Couture at home
Textiles and apparel students find new ways to create, celebrate collections
AUSTIN — When Ellie Dunn saw a flyer advertising the annual UT Fashion Show while on a campus tour, she was immediately sold on where she would attend college.
The show, free to the public at the Frank Erwin Center and broadcast live on the Longhorn Network, gives textiles and apparel students a platform to share their collections with friends, family and viewers across the country. It’s a celebration of hard work — one that Dunn said she’s dreamed about participating in ever since seeing that flyer.
But because of the coronavirus pandemic, the garments created by Dunn and her peers did not see the runway as they were initially scheduled to on April 23.
With the pandemic also jeopardizing her summer celebrity styling internship, Dunn, a textiles and apparel junior, worries the show’s cancellation could have professional implications.
“I think in terms of finding jobs, (the show was) something that we all were really going to use to our advantage, like, ‘Hey, here’s an hour-long runway show of my designs and my friends’ designs,’” Dunn said. “It’s something that our portfolio was going to be completely based upon.”
Students who planned on participating in the show could still complete their collections remotely, but Emilia Fishburn, a textiles and apparel senior, said she thinks spirits have been low.
“We’re less connected to our work because there was … all this hype about something that’s going to happen, all these people are going to get to see it and now that’s all gone,” Fishburn said. “It kind of feels like, ‘What are we designing for?’”
UT loaned sewing machines to those who don’t have one at home, Fishburn said. But without the materials provided in on-campus labs, Dunn said it was sometimes challenging to get work done.
“When I run out of thread in the lab, I can just go borrow someone’s, or if I don’t have my scissors in the lab, I can go borrow someone’s,” Dunn said. “There’s a lot of little things that if I run out of here, I’m going to have to reorder them, ship them, so there’s such a timing issue.”
Dunn said working from home allowed her to focus better, but she said she missed the connection and support she enjoyed in the lab with peers.
“Being in a lab with the people that have become my best friends over these last three years makes it so much more fun to sew,” Dunn said. “Sewing can be really, really frustrating, so I think being alone is really challenging. It probably helps me focus better, but I think not having the support is going to be really, really hard.”
One garment Dunn said she would have been proud to spotlight in the canceled show is her couture piece: a hand-sewn bridal pantsuit. Dunn, who hopes to be a stylist, said the pantsuit and other four designs in her collection reflect her personal style.
“I sort of took my collection and made pieces that I would dress clients in if I were a stylist,” Dunn said. “I really put my style in there, what I would be wearing on a daily basis — my favorite fabrics, my favorite silhouettes.”
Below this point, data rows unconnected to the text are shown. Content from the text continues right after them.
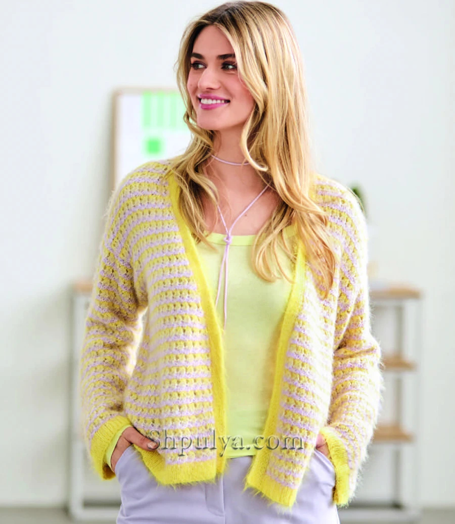 Легкий пушистый кардиган без застежки завораживает своей мягкостью и гармоничной цветовой гаммой, приятной для глаз. Полосатый ажурный узор в однотонной окантовке выглядит скромно, но очень мило.
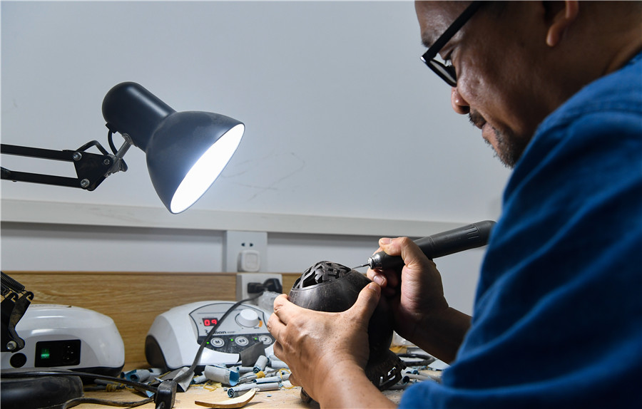 Zhang Bidi makes coconut carvings in Qionghai city, South China's Hainan province, on Feb 18, 2022. [Photo/Xinhua]
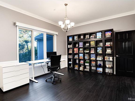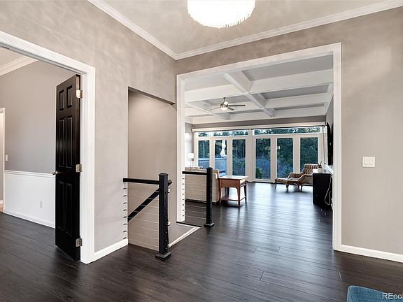Experience Larkspur living in the pines. This elegant custom ranch style home has been remodelled and updated- a full list is attached in the supplements. The entry foyer and main floor has striking vinyl laminate plank flooring which provides a perfect backdrop to the stunning forest views from the oversized floor to ceiling windows. The living room's 10-foot coffered ceiling sets the tone for the architecturally stunning floor plan. The white and gray accents create a contemporary yet warm ambiance. Off the foyer is a study/office/library with built in bookshelves. To the right is the primary suite with a gas log fireplace and mantle. The primary ensuite has been remodelled with quartz counters, walk-in shower, soaking tub, and floating cabinets with quartz counters. Off the living room is a great room with eat in kitchen and family room. The kitchen is capable of handling entertaining and family gatherings with double ovens, double dishwashers, new gunmental stainless refrigerator, microwave, and large island which holds the 5-burner cooktop. The adjacent family room has another gas log fireplace. Off the kitchen is a generous deck for outdoor living. Off the family room is a private guest suite with private bath, custom tiiled walk-in shower and floating cabinets with quartz counter. Down the stairs with new wire stair railing are two additional bedrooms sharing a remodeled bath also with quartz counters. The downstairs family room includes a wet bar, back yard access through a french door and plenty of room for pool table (included) and games. This home exudes charm and style with generous storage and built-ins. Welcome home!
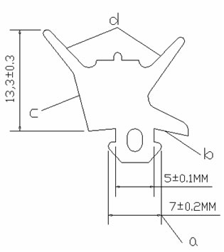 d 處的兩個(gè)向外部張開(kāi)的小邊在安裝后能緊貼玻璃外部,使玻璃與膠條之間的密封效果(水密性,氣密性)更好;

Fishburn said her collection is inspired by American suffragist and fashion advocate Amelia Bloomer and her revolutionary Turkish dress. She said she hoped her collection would communicate a “subtle playfulness” on the runway.
“(The Turkish dress) was the first generation of pants to be introduced to a woman’s wardrobe in the 1800s during the Seneca Falls Convention,” Fishburn said. “(Bloomer) wears them and then everyone starts adopting this dress, and it kind of liberates women, and they’re able to ride bikes now because they don’t have all these layers of dresses.”
Once shelter-in-place restrictions relaxed in her hometown of Oklahoma City, Dunn took pictures of friends modeling her designs. When things return to normalcy in Texas, Fishburn said she hopes to collaborate with other classmates to put on their own “bootleg parking lot show” and showcase their designs to friends and family.
“Everyone’s just going to have to get creative if they want to showcase it, sooner rather than later,” Fishburn said.
Staff and faculty members in the Textiles and Apparel Program are also developing methods to showcase students’ designs. Lecturer Katherine Polston, who directs the fashion show, said they are building a website called www.UTAustinFashionShow.com, which will feature the students’ garments. Those interested in UT Fashion can also follow the students’ work on Instagram @UTFashionShow and Facebook @UTAustinFashion, Polston said.
“The fashion show has been a longtime signature event by and for the Textiles and Apparel Program students and for the School of Human Ecology,” Stephen Russell, director of the School of Human Ecology, said in an email. “We regret that due to the pandemic, we were unable to hold a show this year with our graduating seniors.”
Despite her concerns and challenges, Dunn said spending time at home has been a welcomed change in pace from her usual design classes. She also said the pandemic has put many things in her life into perspective.
“We work so hard all the time, and we’re always sewing, and we’re always doing our other classes,” Dunn said. “It’s such a time commitment, so being able to have all this time to just stop and think about everything we do. It’s definitely made me realize that I need to slow down and that I don’t have to go 100 miles a minute.”